=== Begin Enclosure ===

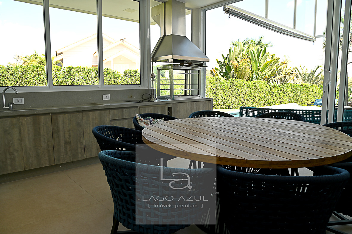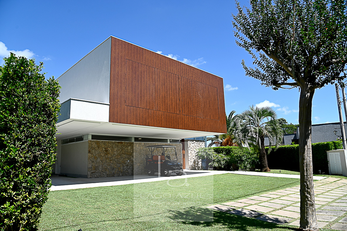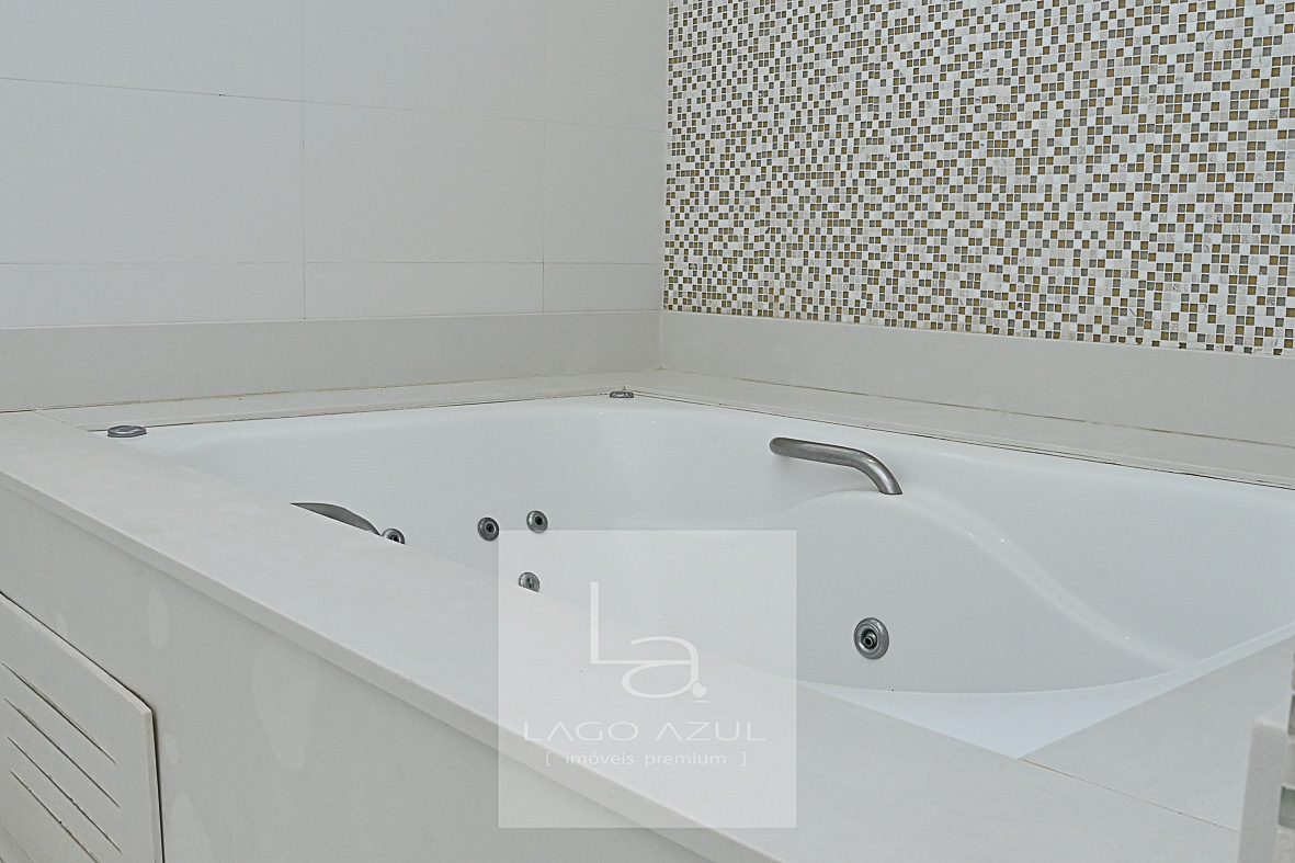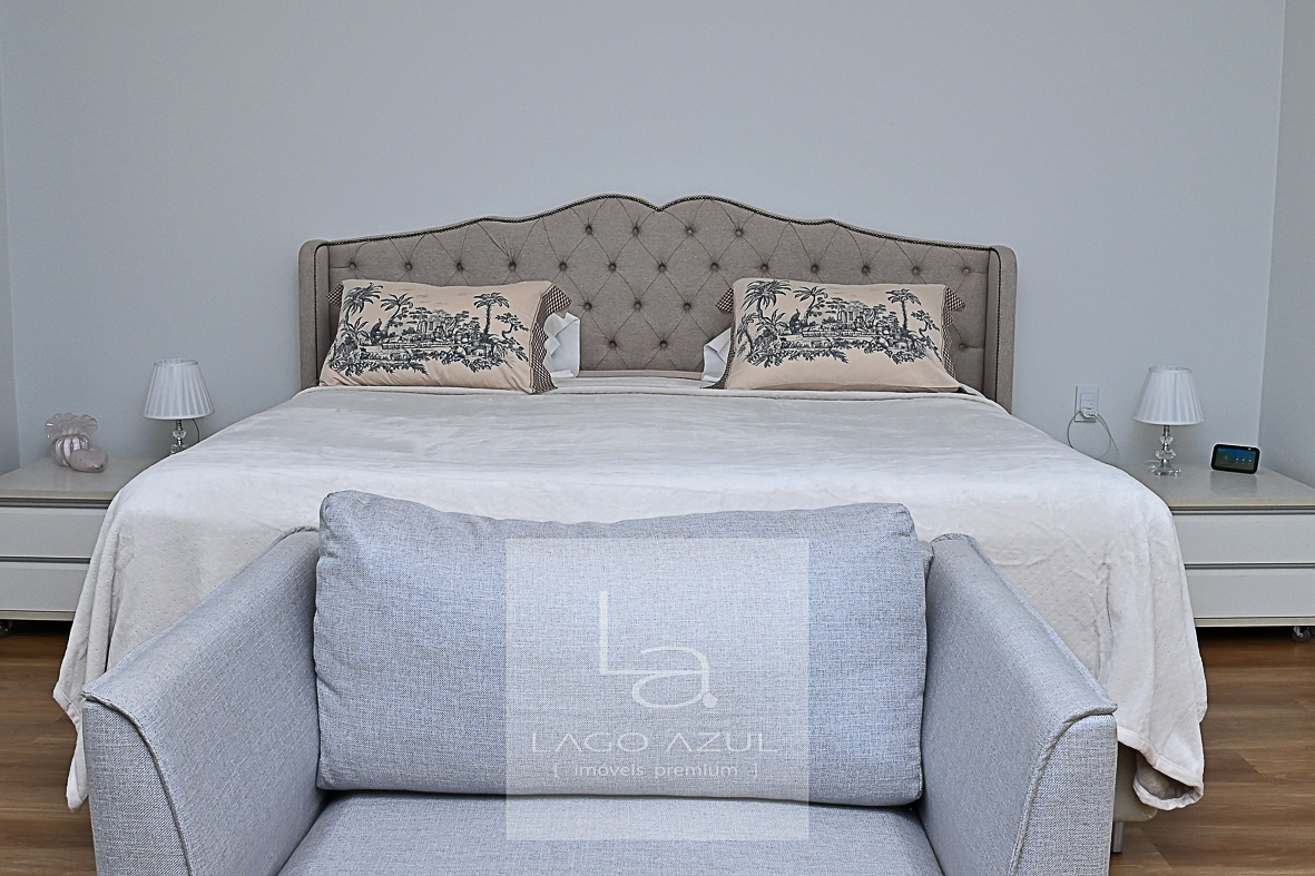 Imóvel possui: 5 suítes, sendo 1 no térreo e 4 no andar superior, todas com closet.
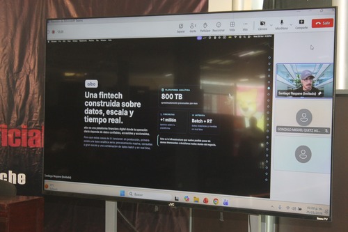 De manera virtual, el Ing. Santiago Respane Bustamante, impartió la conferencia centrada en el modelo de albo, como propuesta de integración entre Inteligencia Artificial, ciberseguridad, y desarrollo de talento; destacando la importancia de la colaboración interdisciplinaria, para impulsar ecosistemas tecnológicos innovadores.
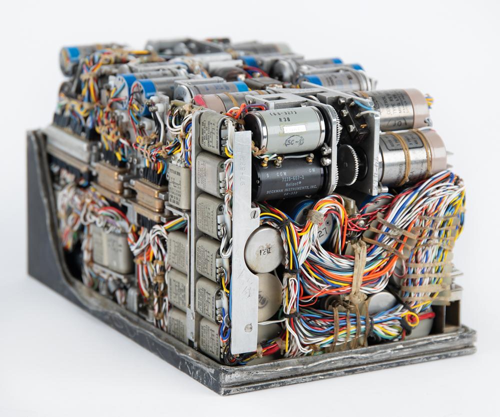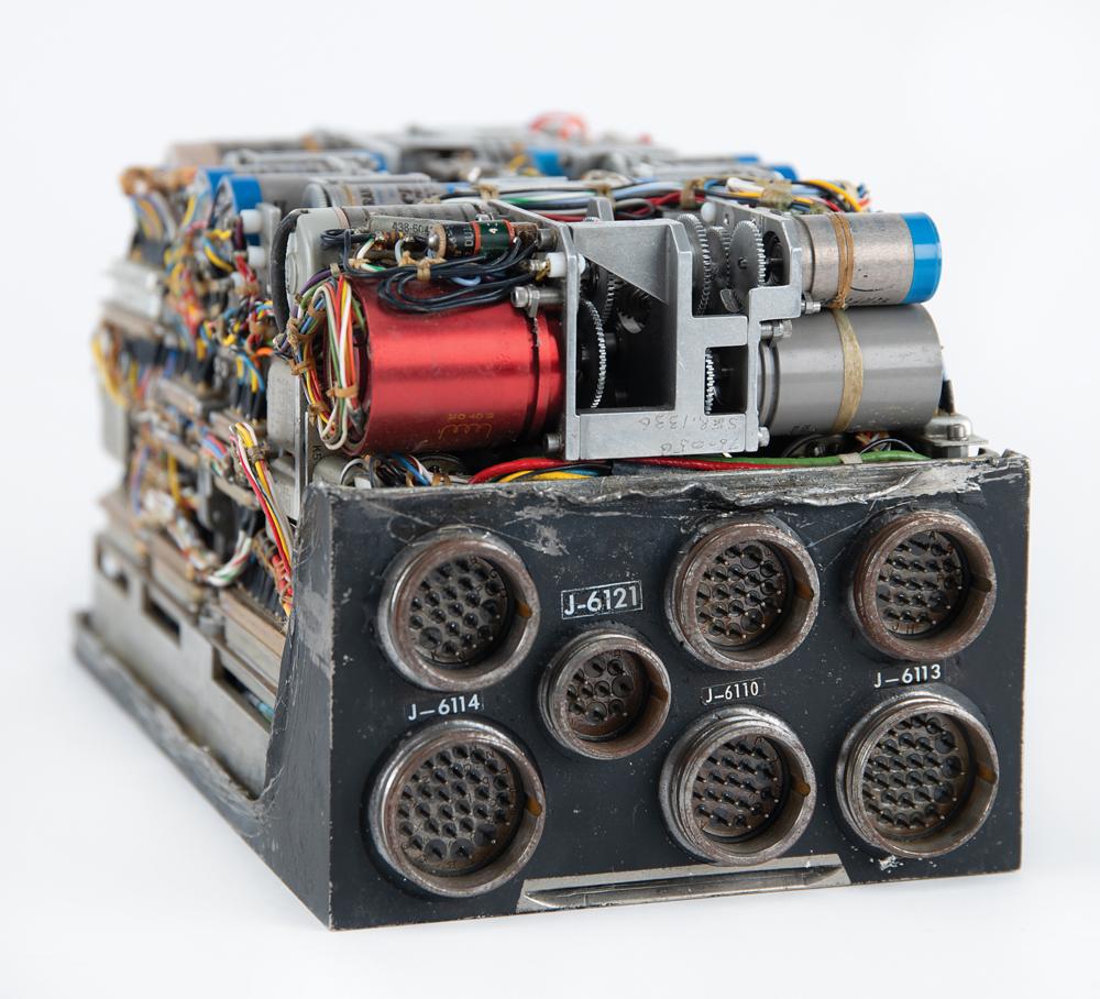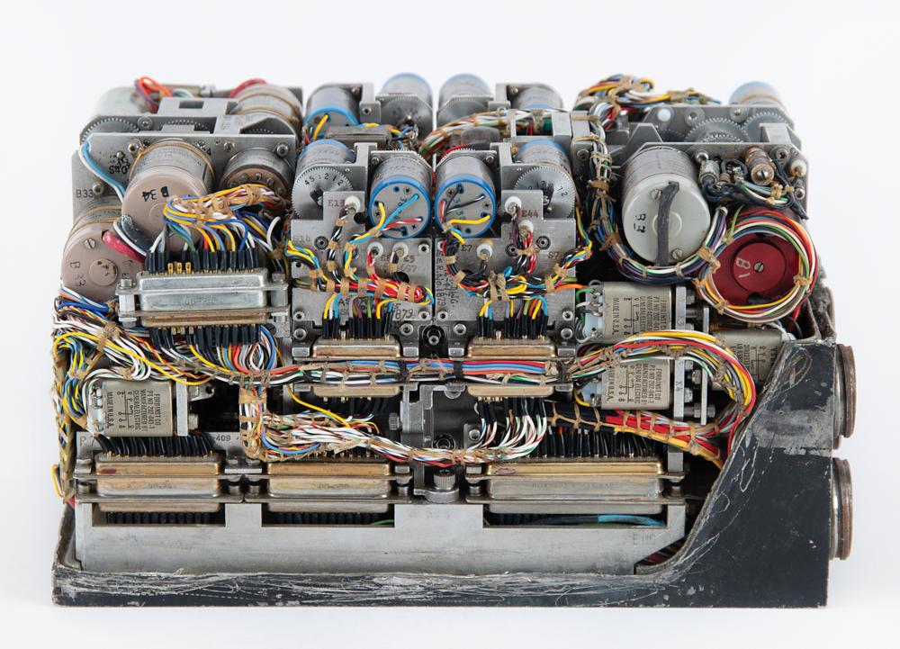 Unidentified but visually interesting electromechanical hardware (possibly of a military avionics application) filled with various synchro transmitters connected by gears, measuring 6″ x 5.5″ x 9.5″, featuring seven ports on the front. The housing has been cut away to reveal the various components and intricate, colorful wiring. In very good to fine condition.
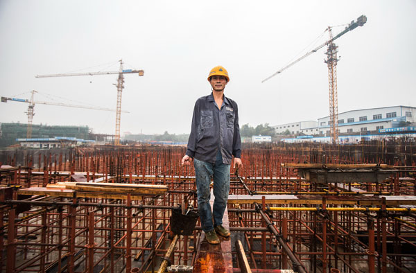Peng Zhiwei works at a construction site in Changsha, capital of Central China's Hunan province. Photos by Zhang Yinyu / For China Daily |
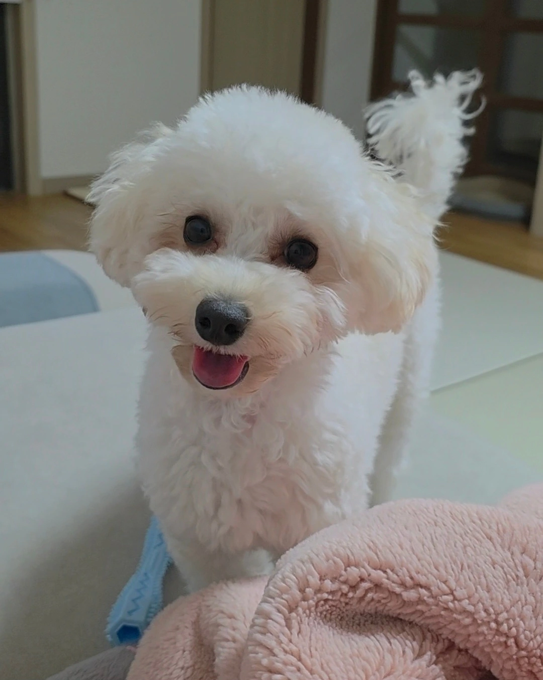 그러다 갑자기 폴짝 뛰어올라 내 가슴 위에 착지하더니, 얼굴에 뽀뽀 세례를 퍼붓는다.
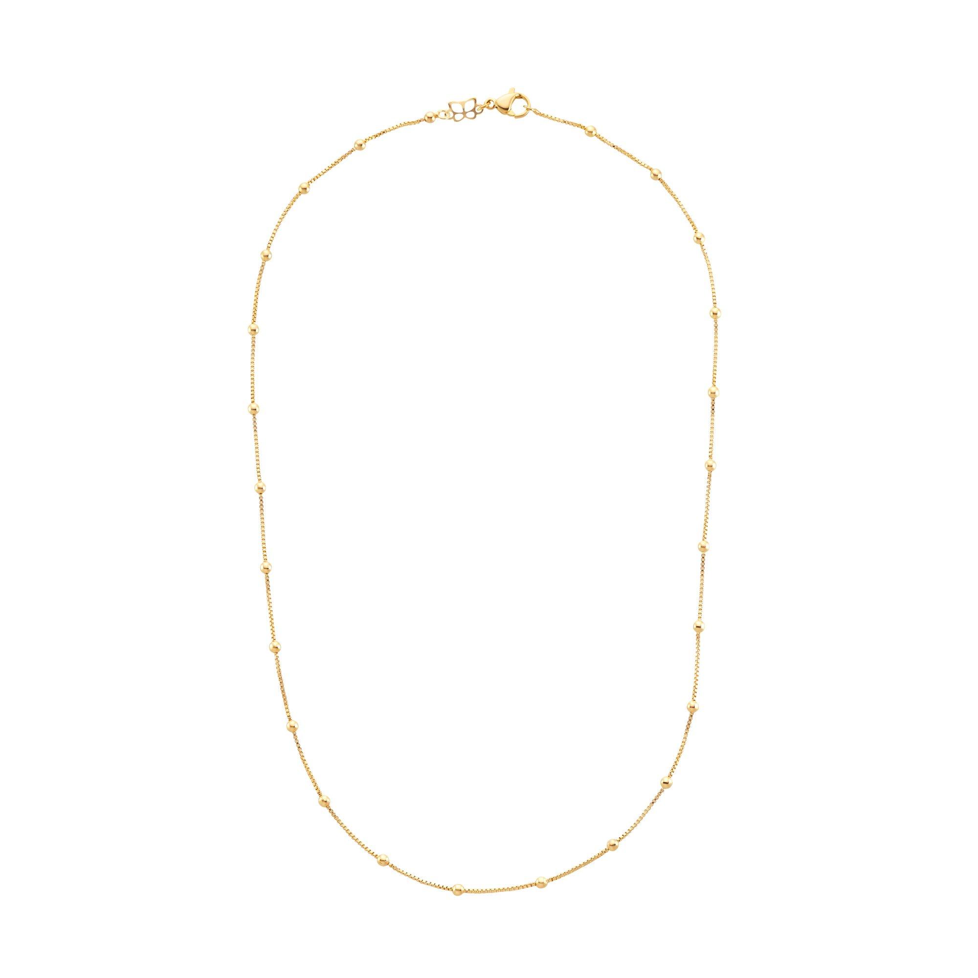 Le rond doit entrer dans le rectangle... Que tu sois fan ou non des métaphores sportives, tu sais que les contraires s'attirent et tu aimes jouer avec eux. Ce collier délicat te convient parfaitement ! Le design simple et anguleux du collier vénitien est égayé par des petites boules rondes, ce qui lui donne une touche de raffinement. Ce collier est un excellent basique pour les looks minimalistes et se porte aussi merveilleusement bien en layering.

=== End Enclosure ===

▸ REQUIRED ACTION
Please print the data above once more, exactly and without images.

▸ OUTPUT FOR THIS EXERCISE
 Imóvel possui: 5 suítes, sendo 1 no térreo e 4 no andar superior, todas com closet.
 De manera virtual, el Ing. Santiago Respane Bustamante, impartió la conferencia centrada en el modelo de albo, como propuesta de integración entre Inteligencia Artificial, ciberseguridad, y desarrollo de talento; destacando la importancia de la colaboración interdisciplinaria, para impulsar ecosistemas tecnológicos innovadores.
 Unidentified but visually interesting electromechanical hardware (possibly of a military avionics application) filled with various synchro transmitters connected by gears, measuring 6″ x 5.5″ x 9.5″, featuring seven ports on the front. The housing has been cut away to reveal the various components and intricate, colorful wiring. In very good to fine condition.
Peng Zhiwei works at a construction site in Changsha, capital of Central China's Hunan province. Photos by Zhang Yinyu / For China Daily |
 그러다 갑자기 폴짝 뛰어올라 내 가슴 위에 착지하더니, 얼굴에 뽀뽀 세례를 퍼붓는다.
 Le rond doit entrer dans le rectangle... Que tu sois fan ou non des métaphores sportives, tu sais que les contraires s'attirent et tu aimes jouer avec eux. Ce collier délicat te convient parfaitement ! Le design simple et anguleux du collier vénitien est égayé par des petites boules rondes, ce qui lui donne une touche de raffinement. Ce collier est un excellent basique pour les looks minimalistes et se porte aussi merveilleusement bien en layering.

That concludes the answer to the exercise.